▸ **Problem**:
Everything from the line containing "No mucho a-cortar" through the line containing "Sorgenvoll meint der" should be repeated exactly, and nothing else from the data.

▸ **Source material**:

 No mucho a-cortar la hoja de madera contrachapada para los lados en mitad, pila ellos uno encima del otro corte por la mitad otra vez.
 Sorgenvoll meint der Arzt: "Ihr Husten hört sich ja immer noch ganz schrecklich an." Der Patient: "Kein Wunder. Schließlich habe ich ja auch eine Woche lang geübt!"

---

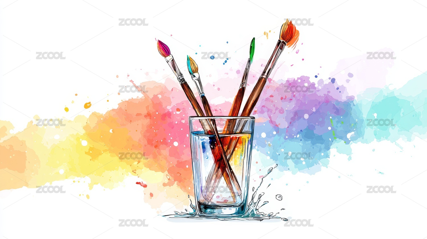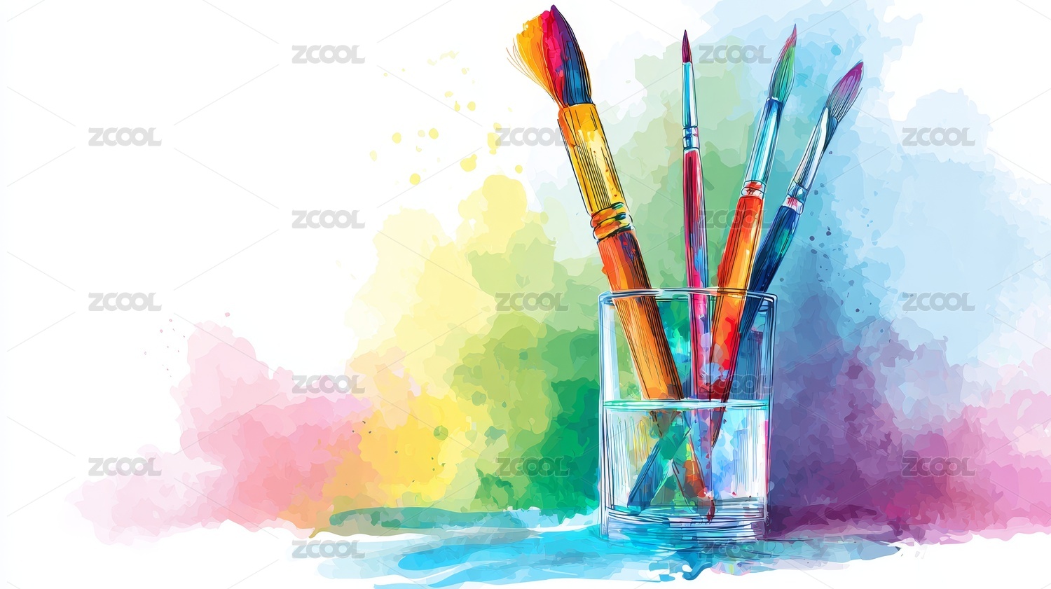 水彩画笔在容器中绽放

▸ **Reply**:
 No mucho a-cortar la hoja de madera contrachapada para los lados en mitad, pila ellos uno encima del otro corte por la mitad otra vez.
 Sorgenvoll meint der Arzt: "Ihr Husten hört sich ja immer noch ganz schrecklich an." Der Patient: "Kein Wunder. Schließlich habe ich ja auch eine Woche lang geübt!"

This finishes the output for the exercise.